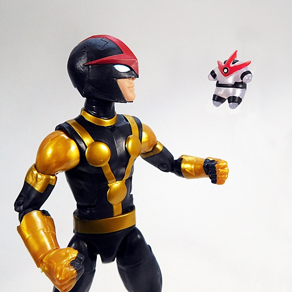 Nova’s articulation is pretty damn good, especially for a little guy. The arms feature rotating hinges in the shoulders and hips, double hinges in the elbows, and swivels in the biceps. The legs have ball jointed hips, double hinges in the knees, and swivels at the tops of the boots and again up in the thighs. The ankles have hinges and lateral rockers. The torso includes a waist swivel and an ab crunch, and the neck is both ball jointed and hinged. This is a great looking figure and does the character proud.
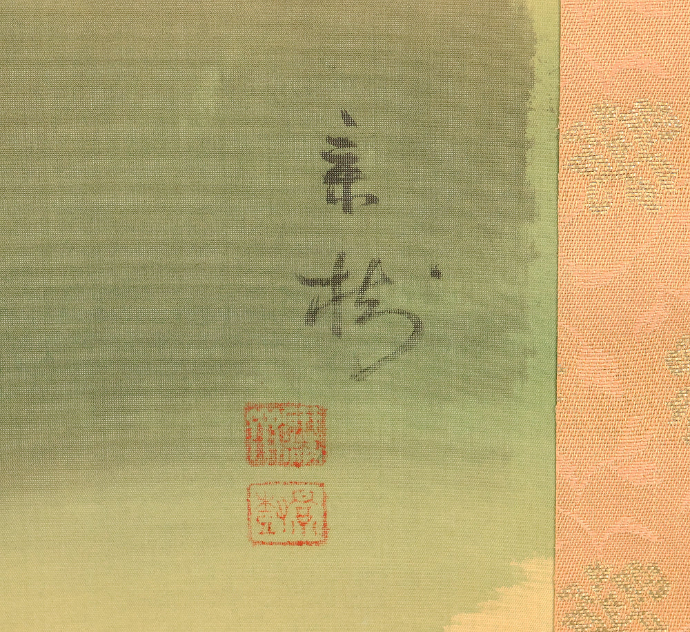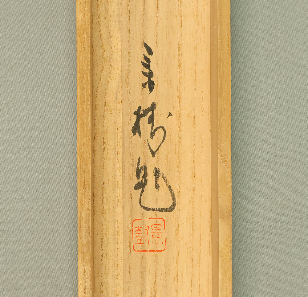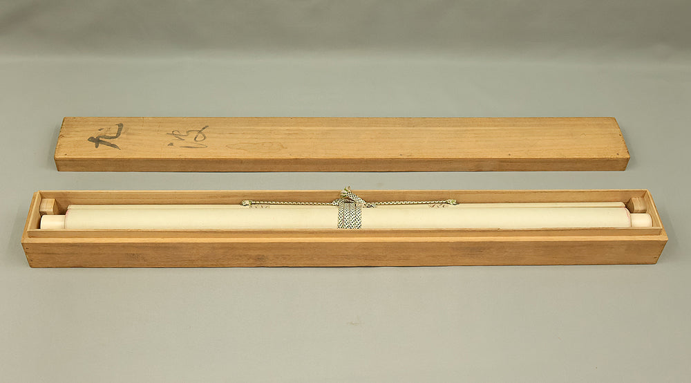 The scroll is accompanied by its original tomobako (signed wooden box), confirming provenance and ensuring safe preservation. Ideal for display in tea rooms, meditation spaces, or seasonal interiors, this piece offers both visual elegance and contemplative depth.
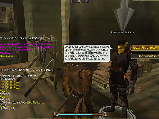 フリーポートに着いて、周りを見渡すと、役人っぽいイクサーがいたので話し掛けてみました。僕の嫌いなタイプです。 |

◇ ◇ ◇

## WORK INSTRUCTION
Word for word, repeat the lines of data above, omitting every picture.

## RESPONSE TO THE TASK
 Nova’s articulation is pretty damn good, especially for a little guy. The arms feature rotating hinges in the shoulders and hips, double hinges in the elbows, and swivels in the biceps. The legs have ball jointed hips, double hinges in the knees, and swivels at the tops of the boots and again up in the thighs. The ankles have hinges and lateral rockers. The torso includes a waist swivel and an ab crunch, and the neck is both ball jointed and hinged. This is a great looking figure and does the character proud.
 The scroll is accompanied by its original tomobako (signed wooden box), confirming provenance and ensuring safe preservation. Ideal for display in tea rooms, meditation spaces, or seasonal interiors, this piece offers both visual elegance and contemplative depth.
 フリーポートに着いて、周りを見渡すと、役人っぽいイクサーがいたので話し掛けてみました。僕の嫌いなタイプです。 |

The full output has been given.